Quoting from Timmermann's An invitation to quantum groups and duality:
Prop. 5.1.3 Let $A$ be a commutative algebra of functions on a compact quantum group. Then there exists a compact group $G$ and an isomorphism $A\cong C(G)$ of $\mathrm{C}^*$-algebras.
Proof: By the Gelfand theorem, there exists a compact space $G$, a continuous map $m:G\times G\rightarrow G$...
I might reduce this to:
Let $A$ be a commutative unital $\mathrm{C}^*$-algebra with a $\mathrm{C}^*$-morphism $\Delta:A\rightarrow A\otimes A$. By the Gelfand theorem, where $\Phi(A)$ is the Hausdorff weak*-compact character space, the map $m:\Phi(A)\times \Phi(A)\rightarrow \Phi(A)$, $(\chi,\varphi)\mapsto (\chi\otimes\varphi)\Delta$ is continuous...
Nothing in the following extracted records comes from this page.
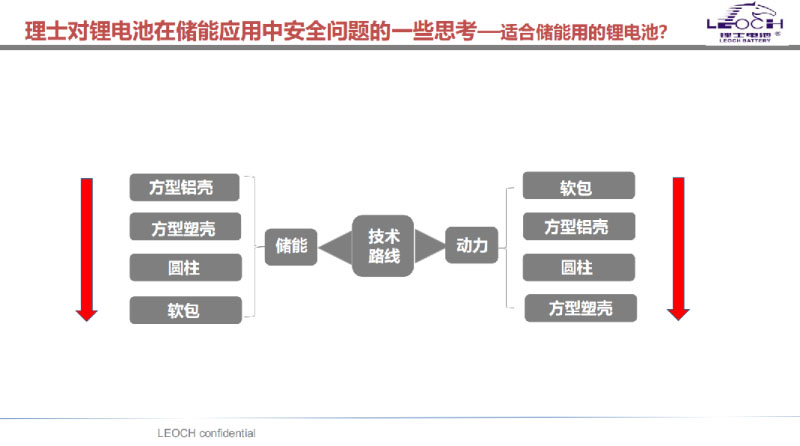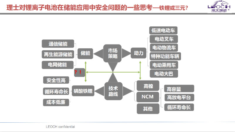 前面我所講的不是我今天演講的重點,我重點要跟大家討論的是儲能應(yīng)用中鋰離子電池應(yīng)用和安全問題。當(dāng)然這些問題有的爭論性很大,有的問題很尖銳。但是我希望我今天說出一些觀點,說出我們的想法,能起到拋磚引玉的作用。使大家對儲能應(yīng)用的安全問題更加重視。這個圖大概是一個鋰離子電池在所有領(lǐng)域方面的應(yīng)用。其實按照能源互聯(lián)網(wǎng)來劃分,這都是儲能應(yīng)用,各種電動汽車電池、通訊基站的后備電源,再生能源電網(wǎng)儲能,大的方面都叫儲能。但是今天我為了更好地說明問題,我把這些應(yīng)用分得更細一些。一個是動力鋰離子電池的應(yīng)用,包括低速車、物流車、乘用車及電動大巴的應(yīng)用,另外一個方面就是下面我們重點討論的儲能應(yīng)用。在儲能方面的應(yīng)用中,我的第一個問題,電池的選擇是磷酸鐵鋰還是三元?國內(nèi)目前是不允許三元材料用在儲能中的。那么的三元材料能不能用在這一塊領(lǐng)域當(dāng)中呢?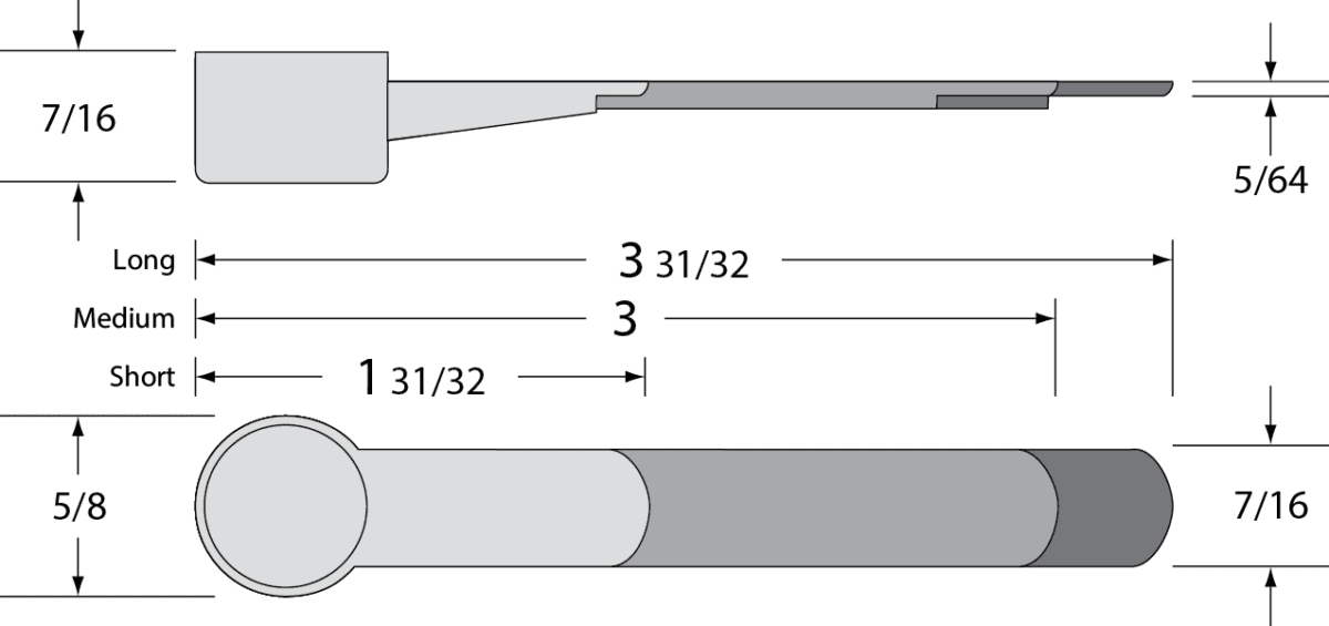 | 3 Overall Lengths | 1.97″ | 3.0″ | 3.97″ |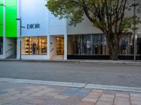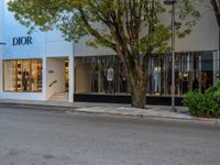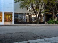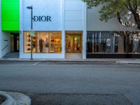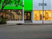 The sun is visible at the break of day in Miami Beach, Florida, USA, as a road follows the urban design of the city, leading to storefronts and shopping opportunities.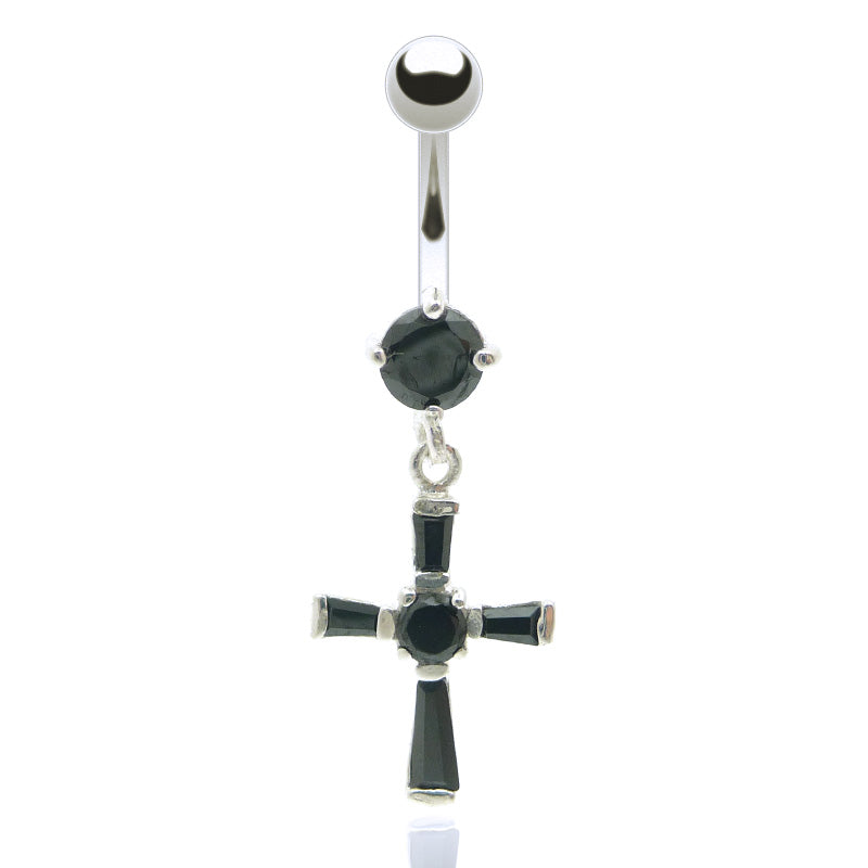 Piercing de nombril avec croix pendentif ornée de zircons.

My difficulties are more appropriate to MSE, although the content knowledge might be more appropriate to here.
My natural inclination is to take sequences $(\chi_n)\rightarrow \chi \in \Phi(A)$ and $(\varphi_n)\rightarrow\varphi\in\Phi(A)$ and to look at $(\chi_n,\varphi_n)$, and show: $$m(\chi_n,\varphi_n)\rightarrow m(\chi,\varphi),$$ and using the dense subalgebra generated by the matrix elements of unitary irreducible (co)representations $(\rho_{ij}^\alpha)_{\alpha\in\text{Irr}(A)}$ shows: $$(\chi_n\otimes\varphi_n)\Delta(\rho_{ij}^\alpha)\rightarrow (\chi\otimes\varphi)\Delta(\rho_{ij}^\alpha),$$
but I don't think that $\Phi(A)$ is in general a sequential space. I am happy that it is when $A$ is separable, but I understand that the opening proposition is believed to be true in the non-separable case also.
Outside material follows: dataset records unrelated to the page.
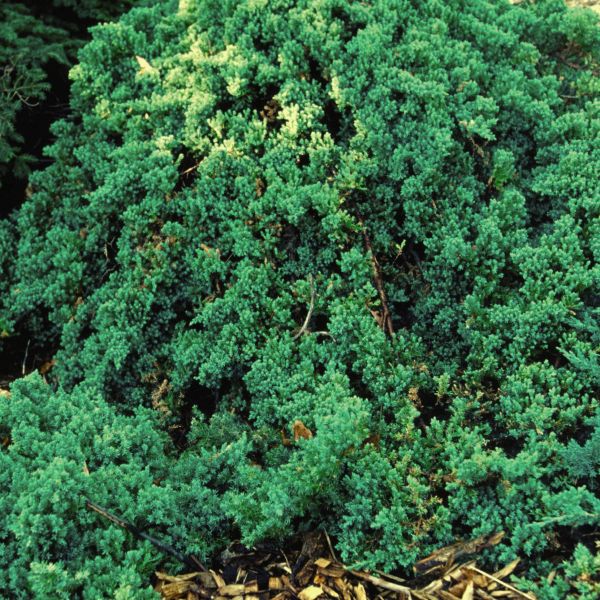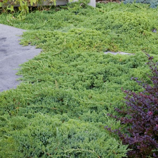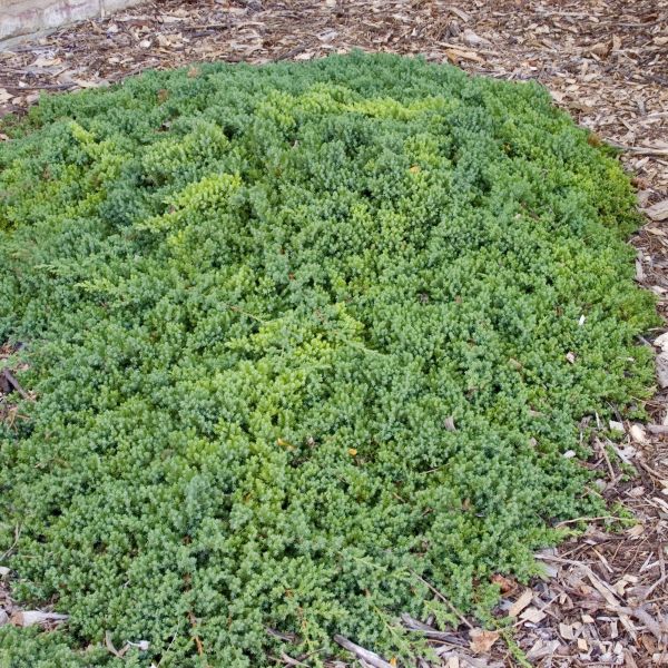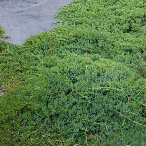 The Japanese Garden Juniper has short needles and exhibits leisurely growth, both in height and spread. In other words, it takes its own sweet time to grow. This is not the ground cover for a “quick fill”. It is the perfect groundcover if you want a classic soft shrub that will stay in bounds and stay green all year, even in the harshest winters.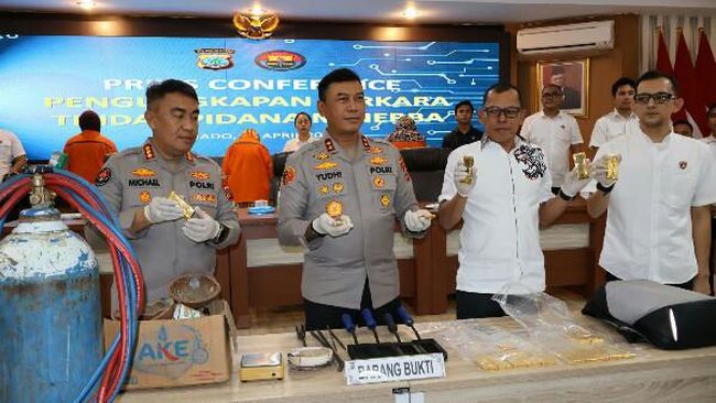Polda Sulawesi Utara (Sulut) menggagalkan penjualan emas ilegal seberat 10 kilogram (Kg) saat hendak diberangkatkan lewat Bandara Internasional Sam Ratulangi Manado. Polisi turut menangkap 3 orang berinisial LS (58), MR (35), dan RH (36).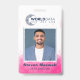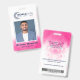 Modern employee ID badge with a stylish pink geometric background, customizable with your logo, photo, name, title, and barcode. Perfect for corporate teams, events, conferences, and remote staff. A professional and eye-catching way to display credentials.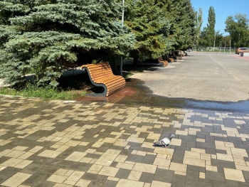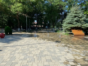 Рядом с фонтаном на Дворце Пионеров, который открыли в мае этого года, но счастье длилось не долго и он зацвел, из люка по всему тротуару разливается вода, — передает Керчь.ФМ.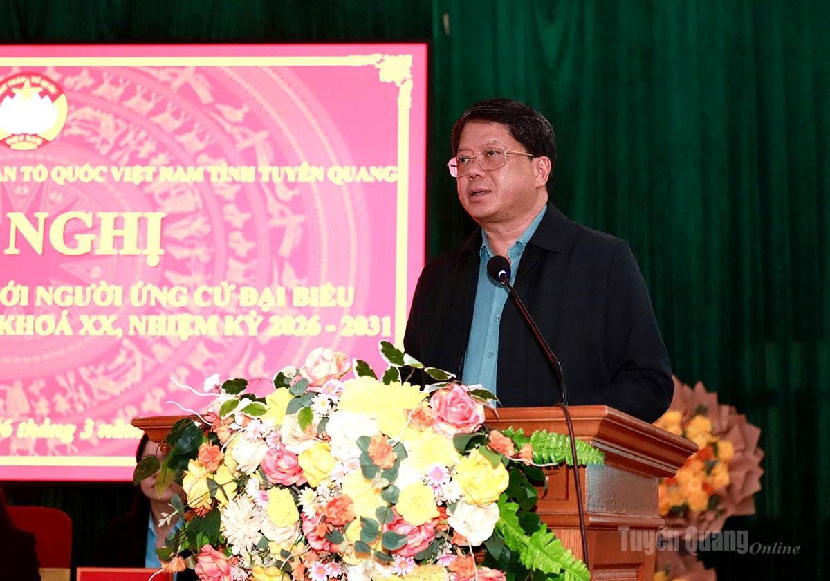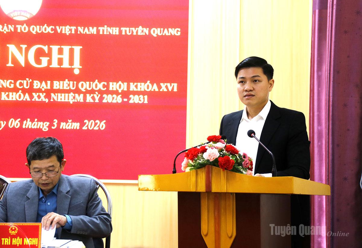 Tại hội nghị, đại diện Ban Thường trực Ủy ban MTTQ Việt Nam tỉnh thông qua tiểu sử tóm tắt của các ứng cử viên đại biểu HĐND tỉnh khóa XX, đơn vị bầu cử số 2 gồm 7 đồng chí: Âu Thị Mai, Ủy viên BCH Đảng bộ tỉnh, Phó Chủ tịch Ủy ban MTTQ Việt Nam tỉnh, Chủ tịch Hội LHPN tỉnh; Trần Thị Hà, Phó Trưởng ban Pháp chế, HĐND tỉnh; Hoàng Lê Huy, Phó Trưởng phòng Quy hoạch Đầu tư xây dựng, Văn phòng UBND tỉnh; Nguyễn Thị Hồng Xiêm, Phó Trưởng phòng Đô thị và Nhà ở, Sở Xây dựng tỉnh; Nguyễn Minh Anh Tuấn, Hiệu trưởng Trường Đại học Tân Trào; Nguyễn Thị Hải Yến, Bí thư Đoàn xã Hồng Sơn; Trần Thị Hải Yến, giáo viên Trường Mầm non Văn Phú, xã Hồng Sơn.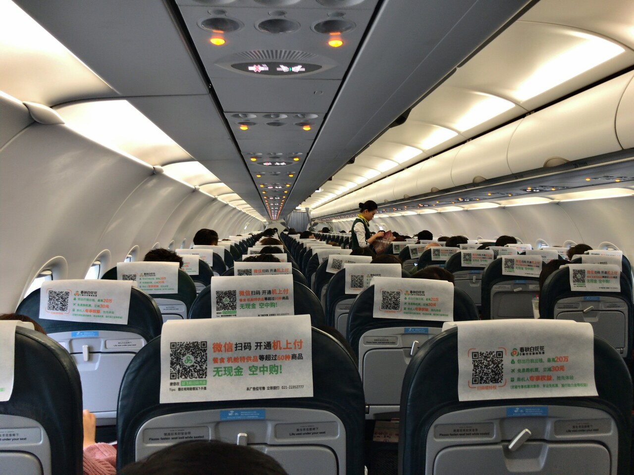 今回のシートは30列目、あえて最後尾を事前に指定しておきました。春秋航空のシステムが前から席を埋めていくため最後尾は周り誰も来ない事が多いとネットで見ていたからです。実際乗り込むと、男性CAが途中の通路にいたのですが、私が後ろに行こうとすると、え??ここより後ろ行くの??みたいな顔をされたのでチケット見せたら、あぁ~そっか、みたいな顔で案内してくれました。周りに誰も来ないからね、自由に移動してもいいよみたいな事を簡単な英語で教えてくれました。噂は本当のようです。

Woronowicz originally assumed that the algebra of functions on a compact quantum group was separable in order to deduce the existence of a Haar state. Van Daele removed this assumption.
How can we show that the map $\Phi(A)\times \Phi(A)\rightarrow \Phi(A)$ is continuous when $A$ is unital, commutative, non-separable?